= Loughlin O'Brien =

New Zealand politician and judge

Loughlin O'Brien (23 November 1821 – 17 April 1901), often spelled Laughlin O'Brien, was a New Zealand politician and judge.

==Early life==
O'Brien was born in 1821 in Dublin, Ireland, and arrived in New Zealand in 1842. His father was Andrew O'Brien, who represented the City of Auckland electorate in the Auckland Provincial Council.

He married Hélène Leopoldine Francoise Isabelle De Witte at St Patrick's Cathedral, Auckland, on 4 February 1856, with the wedding ceremony carried out by Bishop Pompallier.
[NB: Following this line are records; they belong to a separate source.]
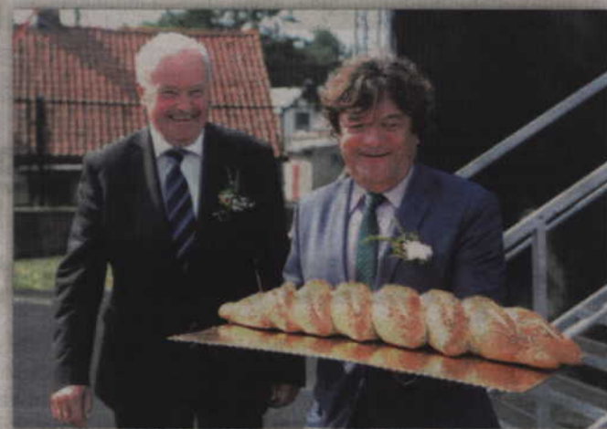
Dożynkowy chleb przypominał kłos zboża.

- Święto plonów to najpiękniejsze święto nas, rolników. Jest to uroczystość, w której nie brakuje wdzięczności i radości,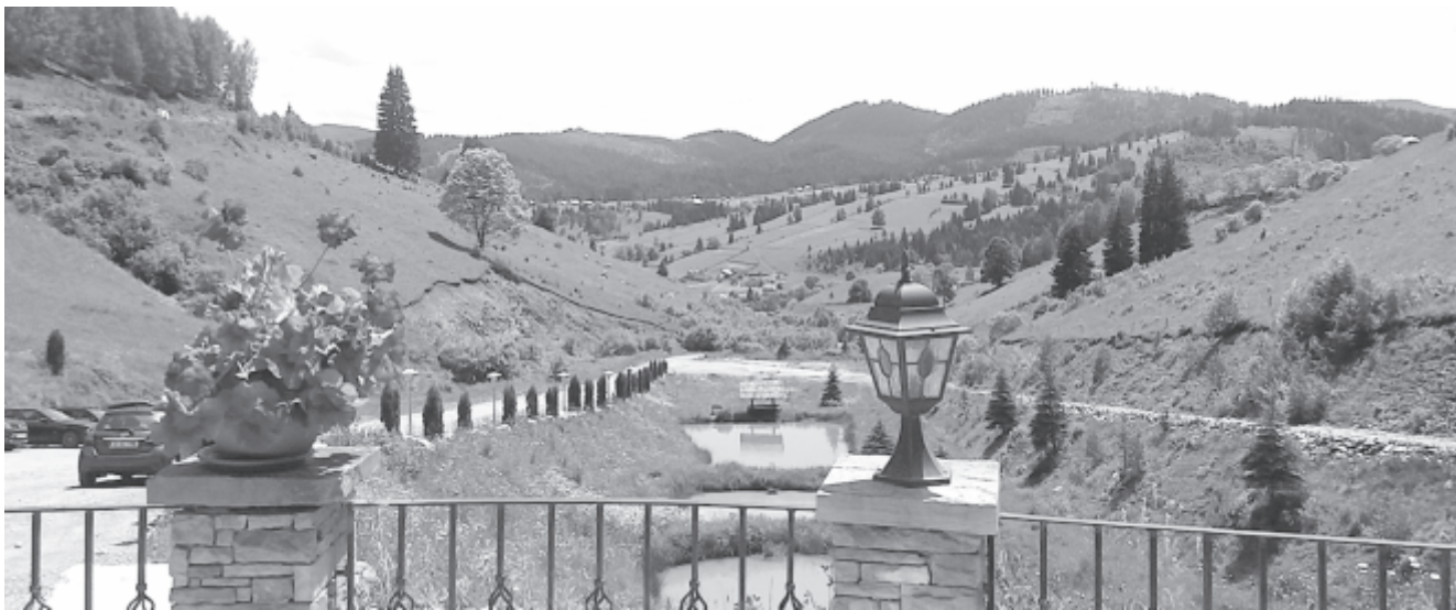
Dornavára vonzó turisztikai célpont

rizmustípusok, illetve a látnivalók kategóriái szerint” – hangsúlyozza a közlemény. A szaktárca ugyanakkor rámutat, hogy egy új népszerűsítő kisfilmet is készítenek a versenyképes hazai turizmustípusokról. A minisztérium közleménye arra is kitér, hogy hétfőn és kedden szemináriumot tartanak Bukarestben a digitális turizmusról. Az eseményt a szaktárca szervezi az izraeli turisztikai minisztérium támogatásával. (Agerpres)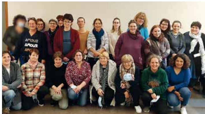
L'équipe des aides à domicile Cœur de Garonne

Si vous recherchez un emploi ou une reconversion professionnelle dans un secteur qui recrute, sachez que des postes sont à pourvoir. Les offres d'emploi sont consultables sur le site cc-coeurdegaronne.fr dans la rubrique « nous recrutons ». N'hésitez pas... ce métier d'avenir mérite d'être connu et reconnu !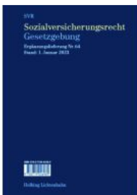
Sozialversicherungsrecht - Gesetzgebung EL 64 Ladenpreis: 66,00EUR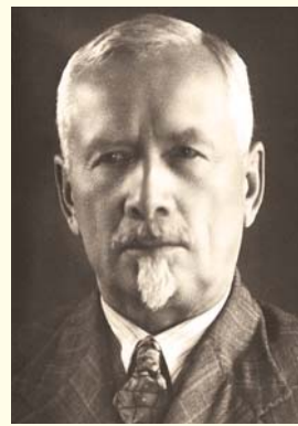
Академик АМН СССР М.В. Черноурцкий Кафедра госпитальной терапии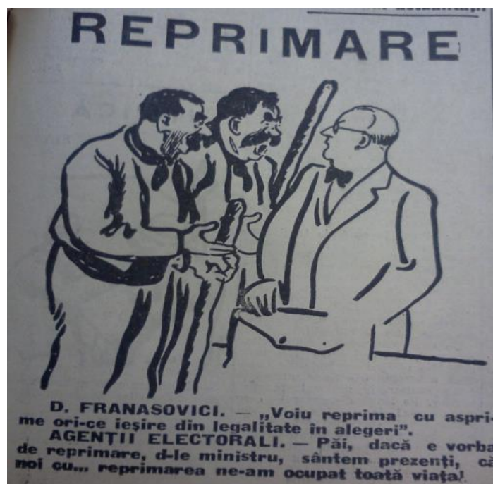
Figura 5 „Lupta”, anul 16, nr. 4829 din 20 noiembrie 1937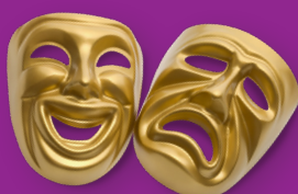
Cultuur en (Social) Media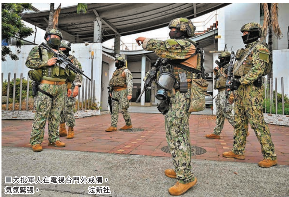
■大批軍人在電視台門外戒備，氣氛緊張。

厄瓜多爾一名「極其危險」的毒梟頭目周日（1月7日）從最高安全級別牢房越獄後，多所監獄發生騷亂，暴力浪潮更席捲全國各地。一批蒙面槍手周二闖入西南部瓜亞基爾市一家電視台，並挾持電視台工作人員。總統諾沃亞已簽署法令，宣布國家處於「國內武裝衝突」狀態。另外，中國駐厄瓜多爾使領館宣布，自周三（1月10日）起暫停對外辦公，開放時間另行通知。

His Belgian-born wife was from Waiheke Island, and her father Charles Antoine Joseph De Witte was the Belgian consul to New Zealand.

==Professional career==
He trained as a solicitor, first under Mr Conroy and then under Frederick Merriman. He was one of the first two solicitors to be submitted to the Supreme Court in 1851 after having trained in New Zealand. In 1856, he was appointed sheriff for the Auckland district. He was registrar of the Supreme Court from 1865 to 1870, when he retired with a pension. In 1880, he was appointed judge at the Native Land Court. He retired from the bench in circa 1899.

==Politics==

O'Brien represented the City of Auckland electorate in the 1st New Zealand Parliament from 1853 to 1855, when he retired. He did not serve in any subsequent Parliaments. He was returning officer for the for the City of Auckland, , and electorates. He also acted as returning officer for elections to the Auckland Provincial Council, including elections of the Superintendent.

New Zealand Parliament
| Years | Term | Electorate |  | Party |  |
|---|---|---|---|---|---|
| 1853–1855 | 1st | City of Auckland |  |  | Independent |

==Death==
O'Brien resided at St Georges Bay Road, Parnell, and later, at Putiki Bay, Ostend on Waiheke Island. He died at Woodside Private Hospital in Burleigh Street, Auckland, on 17 April 1901 following a long illness. He was buried in Waikaraka Cemetery, Onehunga, Auckland. He was survived by his wife, two sons, and two daughters.